Tel cet hôtel des Missionnaires où demeurent, à Paris, Mme de Chantel, sa fille et son fils. Ils occupaient, au second, un appartement partie en façade sur la rue Notre-Dame des Champs, partie sur des jardins de couvent découpés en bosquets, en massifs, en piécettes d'eau, avec des statues pieuses semées çà et là, dans la verdure. Mme de Chantel et Jeanne avaient les deux plus jolies chambres,  qui communiquaient. Celle de Maxime, plus petite, regardait les jardins de couvent et le décor, en arrière-plan, du grand séminaire. Vraie chambre d'un Tiberge arrivant à Paris et attendant la rentrée au séminaire. Sous l'angle des rideaux blancs, le lit étroit ne devait abriter que des sommeils paisibles, des sommeils de science et de piété, purs de toute mauvaise image. Le mobilier, en noyer verni, c'était ce lit, la petite table de nuit posée auprès, une commode dont le marbre se parait de carreaux tricotés, quelques chaises, l'une assez basse pour servir de prie-Dieu, une table et une petite bibliothèque en planche et en bâtons articulés. Il n'y avait de glace qu'au-dessus de la cheminée, ornée de deux gros coquillages. Une gravure décorait la muraille, d'après la Descente de croix de Rembrandt, extraite du Magasin pittoresque.

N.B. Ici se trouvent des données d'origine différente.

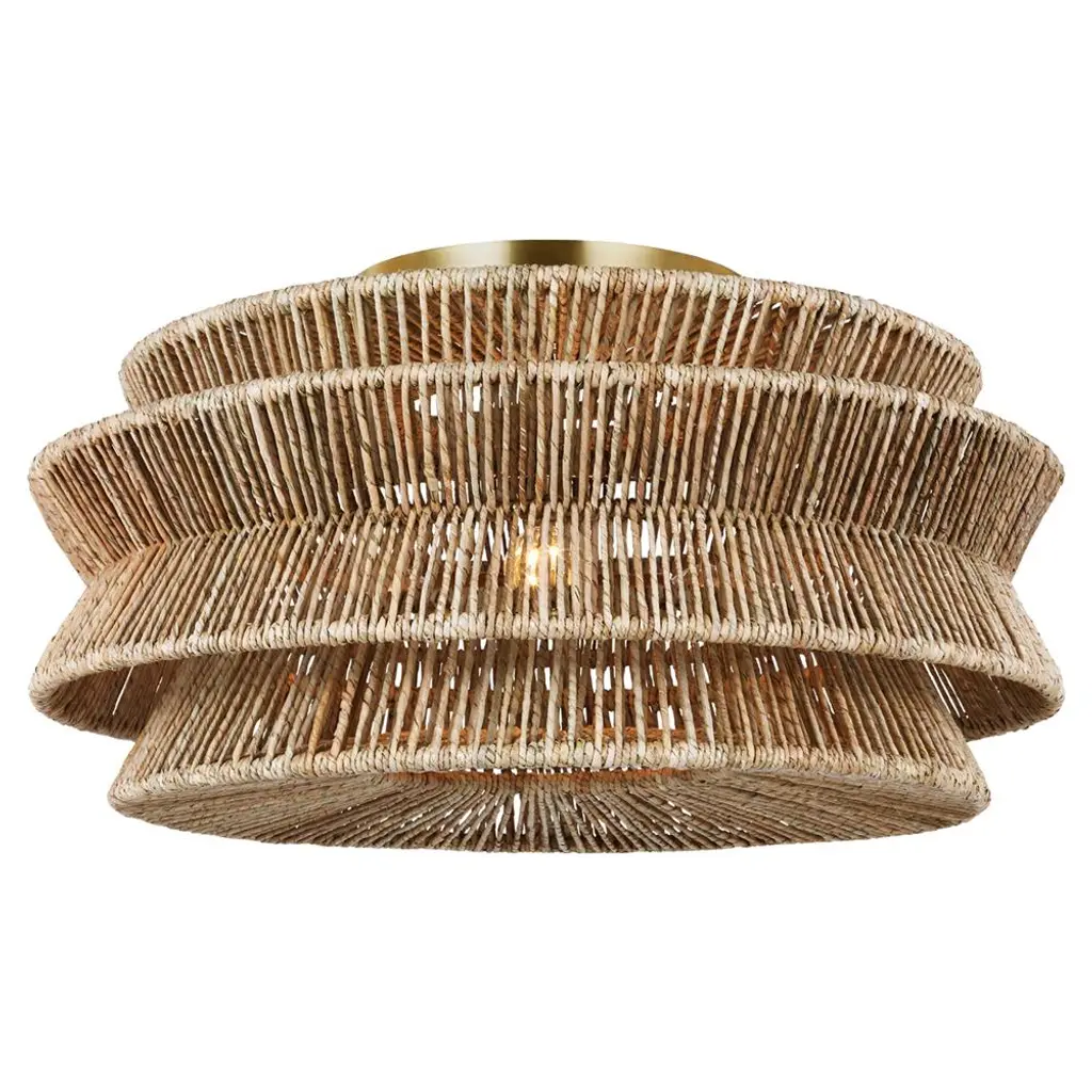 Antigua XL Semi-Flush Mount in Polished Nickel and Natural Abaca
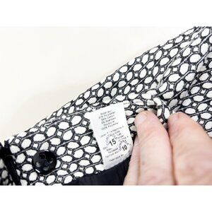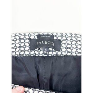 The Talbots Chatham pants in size 6 feature a stylish geometric pattern with a slit ankle detail and a zip side closure. Made from a comfortable knit fabric blend of spandex, rayon, and cotton, these pants are perfect for various occasions including travel, parties, casual outings, workwear, and business meetings. The tapered leg style and mid-rise waist offer a flattering silhouette, while the black and white color scheme adds a classic touch to the overall design. Easy to care for with machine washable instructions, these pants are a versatile and chic addition to any woman's wardrobe.
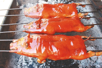 到东方游玩,首先不可错过的美味就是四更烤乳猪。四更烤乳猪据说有300年历史,原料来自东方四更镇,哺乳期30天左右乳猪,重量约为2至4斤,这时的乳猪还未长脂肪,肉质较嫩。整猪用当地配制的佐料浸透后,用木炭烤熟,具有皮脆、肉香、味美、色艳的特点,是当地招待贵客的上等菜肴。蘸上白糖后,一口咬下赤红的脆皮,烤猪肉的熏肉味和香料味弥漫在嘴里。
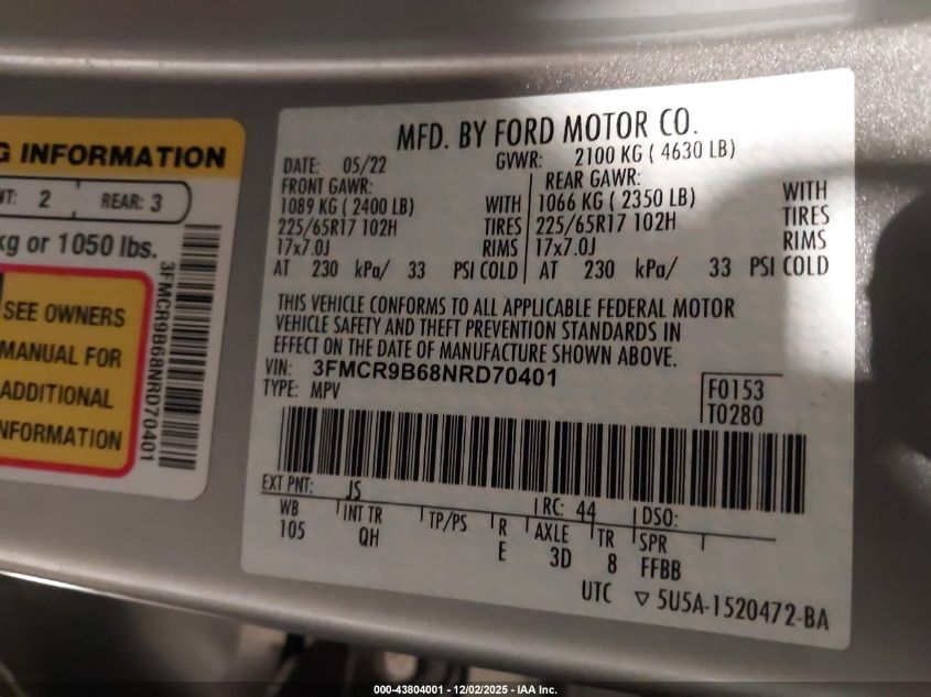 Колір СрібнийЦиліндри 3Привід Повний привідVIN 3FMCR9B68NRD70401Стан Заводиться та їде (перевірено)Ушкодження Передня або задняДата аукціону 2025-12-09 AutoRIA
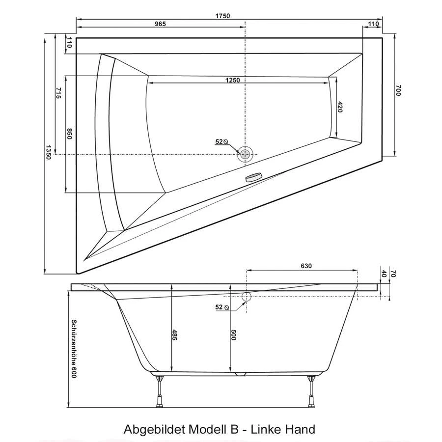 - die ausgeschriebene Badewanne in der gewünschten Konfiguration
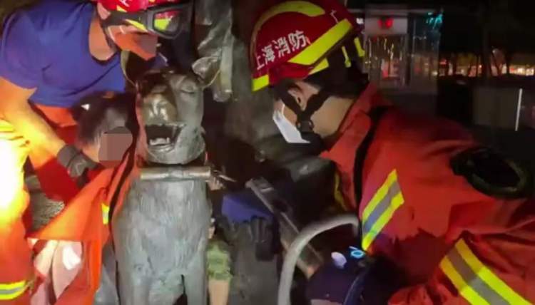 当晚,在广富林街道三湘财富广场,一名5岁左右的小男孩与小伙伴一起玩耍时不慎将左腿卡入喷泉池内两个雕塑的夹缝之中。“一闪神儿就看见孩子骑在狗雕塑上面,腿被卡在里头不能动,一动就痛得止不住大哭,当时真的是急坏了!”孩子的外婆告诉记者,由于夹缝十分狭窄,又恰好卡到关节处,孩子的脚动弹不得,束手无策的她赶忙向消防部门求助。
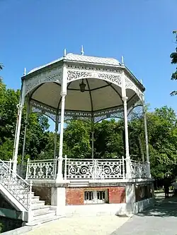 - Quiosco de la Música: los jardines contaron con la incorporación del quiosco de la Música promovido por el Ayuntamiento que consta de un templete que sirve a la población como servicio municipal con el objetivo de entretener y donde actúa la banda municipal. Es una iniciativa con origen en el siglo XIX donde resulta lógico que su autor fuera el arquitecto municipal. Realizado en 1888 por Juan Miguel de la Guardia cumple con los cánones de un zócalo elevado sobre el que nacen unas columnas que soportan la cubierta a la que se añade un elemento que hace referencia a su uso musical, una lira.
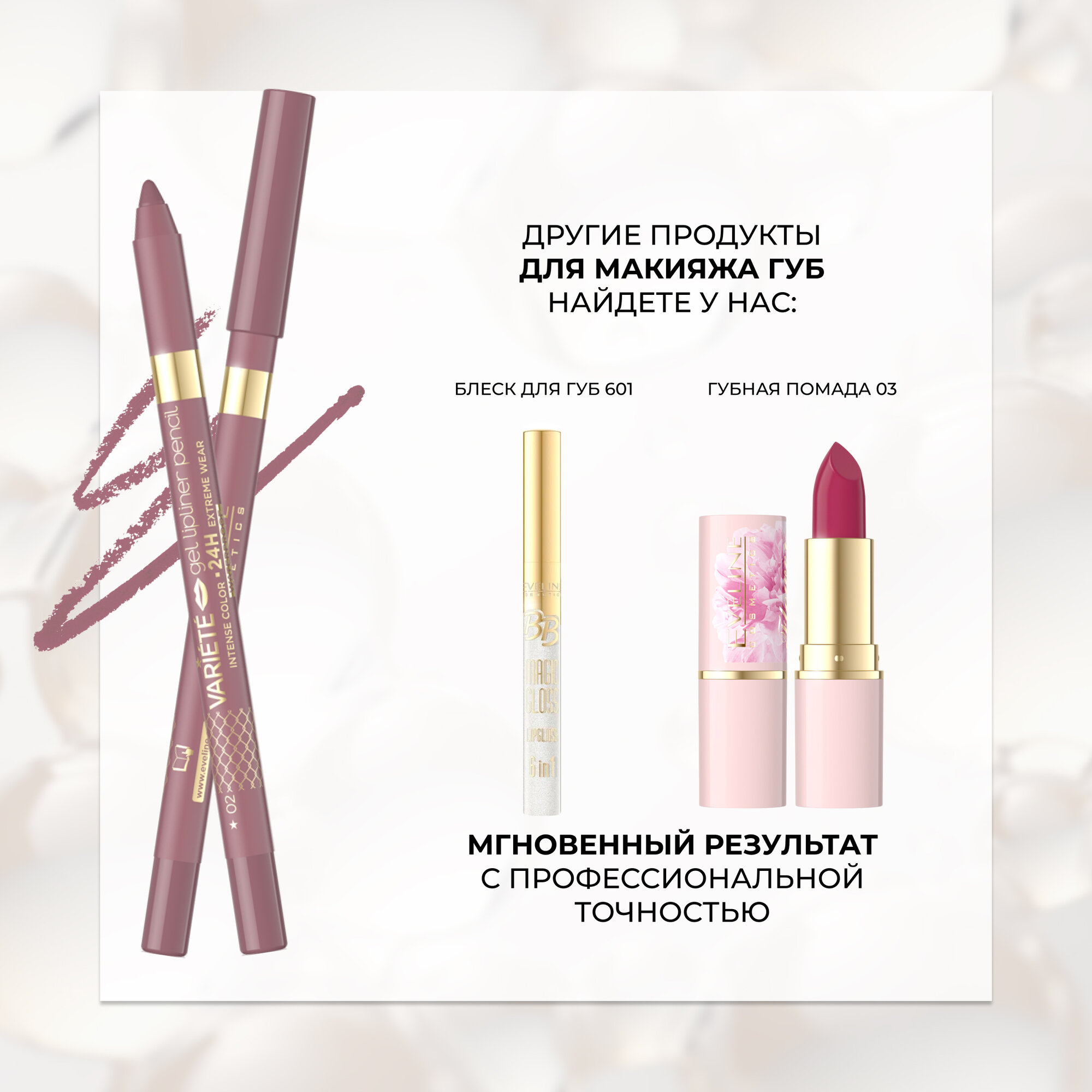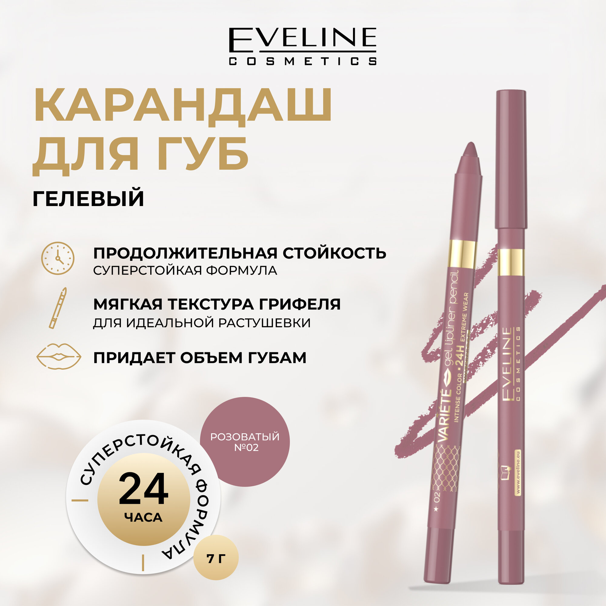 Карандаш для губ EVELINE VARIETE гелевый водостойкий и матовый тон №02 PINKISH интересное:

La petite chambre sacerdotale certes n'avait pas encore accueilli un pèlerin à ce point travaillé de passions contradictoires. Elle voyait, suivant les jours, Maxime exalté de joie, oubliant les heures à regarder un portrait de Maud, à repenser à telles minutes exceptionnelles passées près d'elle, -- ou ramassé sur lui-même dans une horrible et douloureuse rêverie, tenaillé d'envies de départ, de fuite là-bas, vers la solitude de Vézeris. Car le pays natal, à chaque accès de souffrance, s'évoquait ainsi qu'un désirable, inviolable asile.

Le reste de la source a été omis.